These juicy pork chops are pan-seared and simmered in a sweet-savory apple mustard sauce with onions, herbs, and a touch of spice. A cozy, elegant meal perfect for both weeknights and special occasions.
Author:Mari
Prep Time:10 minutes
Cook Time:25 minutes
Total Time:35 minutes
Yield:2–3 servings 1x
Category:Main Course
Method:Pan-Searing
Cuisine:American
Diet:Halal
Ingredients
Scale
For the Pork Chops:
2–3 bone-in or boneless pork chops (about 1-inch thick)
2 tbsp olive oil or butter
1 tsp garlic powder
1 tsp smoked paprika
½ tsp ground cinnamon (optional)
Salt & black pepper, to taste
For the Apple Sauce:
2 apples, thinly sliced (Granny Smith or Honeycrisp)
1 small onion, thinly sliced
2 tbsp Dijon or whole grain mustard
1 tbsp brown sugar or honey
½ cup chicken broth (or apple cider)
1 tbsp apple cider vinegar
1 tsp fresh thyme or rosemary, chopped
Instructions
Pat pork chops dry with paper towels. Rub with garlic powder, paprika, cinnamon (if using), salt, and pepper.

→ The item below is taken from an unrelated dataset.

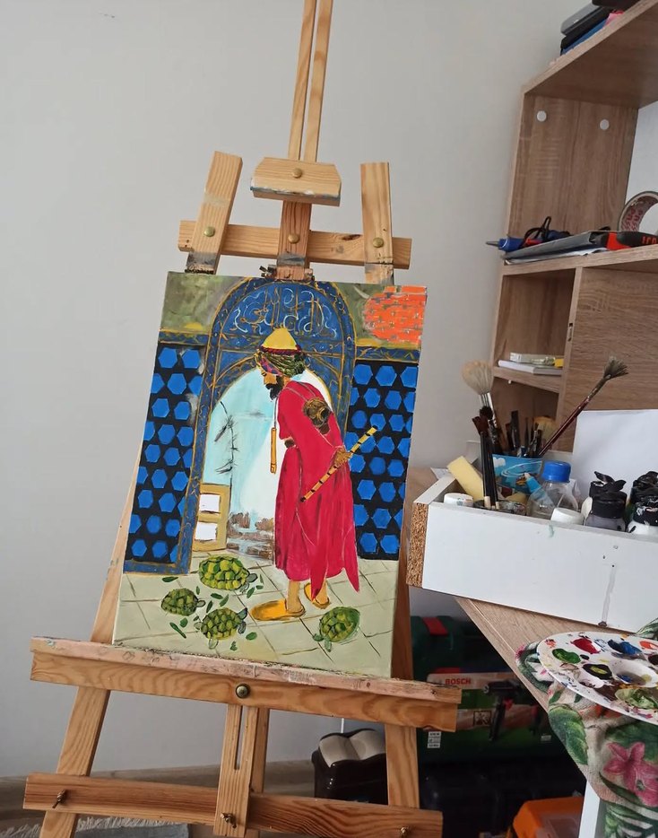 Koyu ve canlı renklerle yapılmış, kırmızı elbiseli bir figür ve kaplumbağaların olduğu detaylı bir kemer arka planlı tablo. kaplumbağa terbiyecisi 35-50 boyutunda.

Heat olive oil in a skillet over medium-high heat. Sear pork chops for 4–5 minutes per side until golden brown. Remove from pan and set aside.
In the same skillet, add sliced onion and apples. Sauté for 3–4 minutes until slightly softened.
Stir in mustard, brown sugar (or honey), chicken broth (or apple cider), and apple cider vinegar. Bring to a simmer.
Return pork chops to the skillet. Spoon sauce over the top and simmer for another 5–6 minutes, or until pork is cooked through and sauce is slightly thickened.
Sprinkle with fresh thyme or rosemary and serve hot, topped with the apple-onion sauce.
Notes
Use pears instead of apples for a seasonal variation.
Add a splash of white wine to deglaze the pan for extra flavor.
Great served with mashed potatoes, wild rice, or roasted root vegetables.
Bone-in chops offer more flavor, while boneless are quicker to cook.